**Work request**
Exact retyping of the data: please keep every word and drop each picture.

Information provided section start

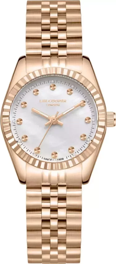 Model LC08167.420 marki Lee Cooper to elegancki zegarek naręczny damski, który jest wyposażony w pomysłowe rozwiązania i funkcje. Nieschematyczny wygląd czasomierza uzyskano również dzięki tarczy w kolorze perłowym. Zaprezentowana metodą analogową aktualna godzina jest czytelna i łatwa do odczytania. Koperta jest ozdobiona kolorem różowo złotym szeroka jest na 28 mm - w kształcie okrągłym.
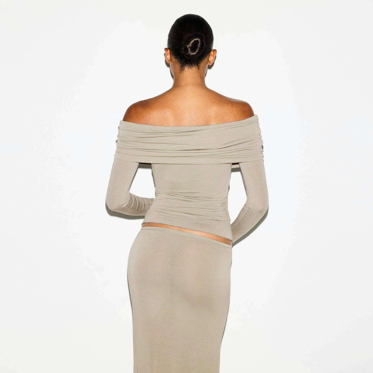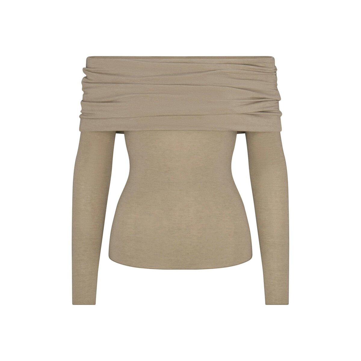Effortless allure meets elevated style. With a sheer look and body-hugging fit, this chic off-the-shoulder top is perfect for any occasion. Made from our soft and stretchy modal-cashmere fabric, this style features exaggerated long sleeves for an elevated finish. Fits true to size.
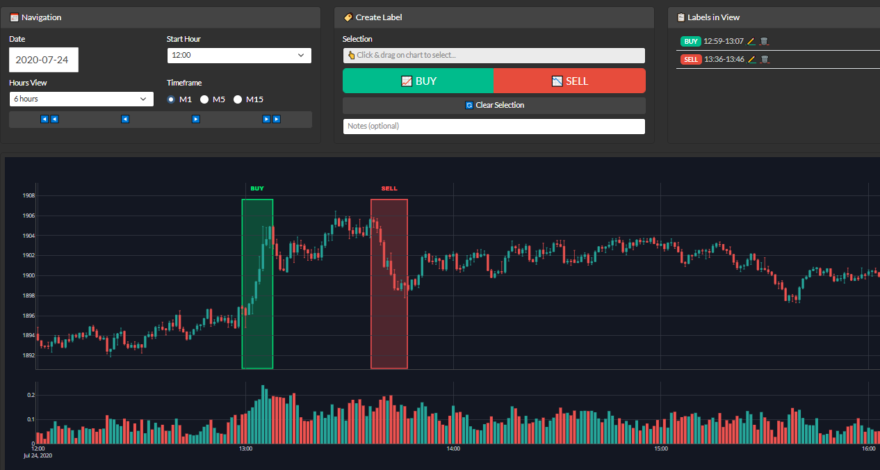 Figure 3: Manual labeling interface showing XAUUSD price action with identified directional zones. The labeled BUY and SELL regions represent profitable moves used as training targets; the model learns to predict these moves using features calculated from preceding market data.
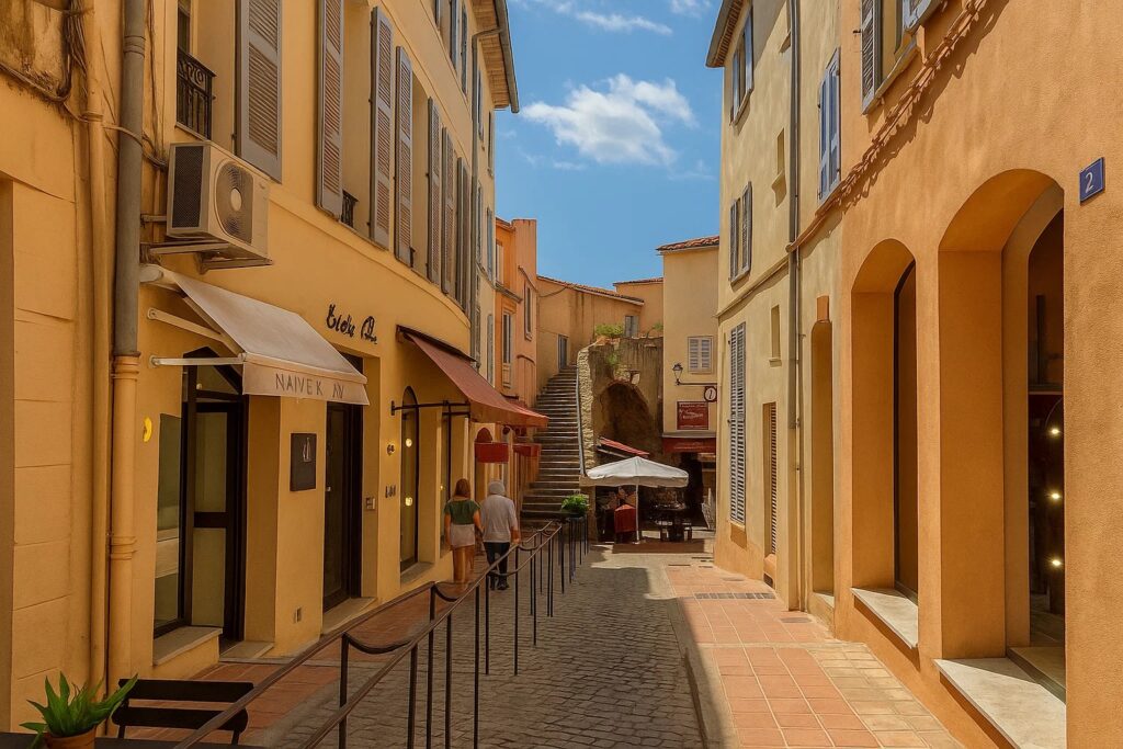 Die Ankunft in Saint-Tropez war ein Schlag aus Licht und Farbe. Der Hafen glitzerte, Yachten schaukelten, Stimmen füllten die Luft. Doch Jessica führte sie in eine schmale Gasse. Hier war es kühler, die Häuser alt, mit verblassten Fassaden und grünen Fensterläden. Wäsche flatterte im Wind, der Duft von Salz und gekochtem Gemüse mischte sich mit dem Geräusch von Schritten.

Information provided section end

**Result of this task**
 Model LC08167.420 marki Lee Cooper to elegancki zegarek naręczny damski, który jest wyposażony w pomysłowe rozwiązania i funkcje. Nieschematyczny wygląd czasomierza uzyskano również dzięki tarczy w kolorze perłowym. Zaprezentowana metodą analogową aktualna godzina jest czytelna i łatwa do odczytania. Koperta jest ozdobiona kolorem różowo złotym szeroka jest na 28 mm - w kształcie okrągłym.
Effortless allure meets elevated style. With a sheer look and body-hugging fit, this chic off-the-shoulder top is perfect for any occasion. Made from our soft and stretchy modal-cashmere fabric, this style features exaggerated long sleeves for an elevated finish. Fits true to size.
 Figure 3: Manual labeling interface showing XAUUSD price action with identified directional zones. The labeled BUY and SELL regions represent profitable moves used as training targets; the model learns to predict these moves using features calculated from preceding market data.
 Die Ankunft in Saint-Tropez war ein Schlag aus Licht und Farbe. Der Hafen glitzerte, Yachten schaukelten, Stimmen füllten die Luft. Doch Jessica führte sie in eine schmale Gasse. Hier war es kühler, die Häuser alt, mit verblassten Fassaden und grünen Fensterläden. Wäsche flatterte im Wind, der Duft von Salz und gekochtem Gemüse mischte sich mit dem Geräusch von Schritten.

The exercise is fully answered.